How to prove $A\cos(\omega t-\phi)$ = $a\cos(\omega t)$ + $b\sin(\omega t)$ using $e^{i\theta}$?

Question

I want to show that $A\cos\left(\omega t-\phi\right)$ = $a\cos\left(\omega t\right)$ + $b\sin\left(\omega t\right)$

First I verified for myself through the angle addition proof that:

$$ \cos\left(\omega t+ \phi\right) = \cos\left(\omega t\right)\cos\left(\phi\right) - \sin\left(\omega t\right)\sin\left(\phi\right) $$

and that

$$ \cos\left(\omega t - \phi\right) = \cos\left(\omega t\right)\cos\left(-\phi\right) - \sin\left(\omega t\right)\sin\left(-\phi\right) $$

therefore I am able to show that:

$$ \cos\left(\omega t - \phi\right) = \cos\left(\omega t\right)\cos\left(\phi\right) + \sin\left(\omega t\right)\sin\left(\phi\right) $$

as cos is an even function and sine is an odd function.
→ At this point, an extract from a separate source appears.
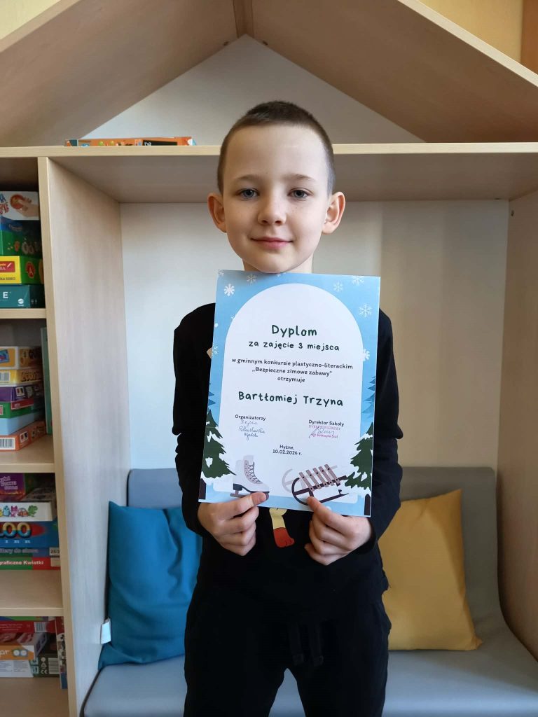 Uczeń naszej szkoły zajął III miejsce w gminnym konkursie „Bezpieczne zimowe zabawy”. To wspaniałe osiągnięcie i dowód na jego zaangażowanie oraz kreatywność. Serdecznie gratulujemy Bartkowi i życzymy mu dalszych sukcesów w kolejnych konkursach. Jesteśmy dumni z jego pracy i postawy. Jednocześnie zachęcamy innych uczniów do udziału w konkursach i rozwijania swoich talentów. Każdy udział to szansa na zdobycie nowych doświadczeń i sukcesów.

I then multiply through by A:

$$ A\cos\left(\omega t - \phi\right) = A\cos\left(\omega t\right)\cos\left(\phi\right) + A\sin\left(\omega t\right)\sin\left(\phi\right) $$

so that there are constants: $ A\cos\left(\phi\right) = a $ and $ A\sin\left(\phi\right) = b $

which gives the function:

$A\cos\left(\omega t-\phi\right)$ = $a\cos\left(\omega t\right)$ + $b\sin\left(\omega t\right)$

used to model sinusoidal solutions of differential equations.

If we take the case that $\phi = 0$ then there is no phase lag and:

$A\cos\left(\omega t\right)$ = $A\cos\left(\omega t\right)$ with no $\sin\left(\phi\right)$ term, which is bizarre to me because it seems that if $\phi \neq 0 $ the equation $A\cos\left(\omega t-\phi\right)$ can be broken into $a\cos\left(\omega t\right)$ + $b\sin\left(\omega t\right)$ whereas if $\phi = 0 $ the input of $\sin $ is "lost".

Why can't $\cos\left( \omega t\right) $ always be decomposed to $\cos\left( \omega t\right) $ and $\sin\left( \omega t\right) $, I know that for $t = 0$ it is simply because $\sin\left( \omega t\right) = 0$, but what about when $\omega \neq 0$, why can we not describe $\cos\left( \omega t\right) $ in terms of $\cos\left( \omega t\right) $ and $\sin\left( \omega t\right) $?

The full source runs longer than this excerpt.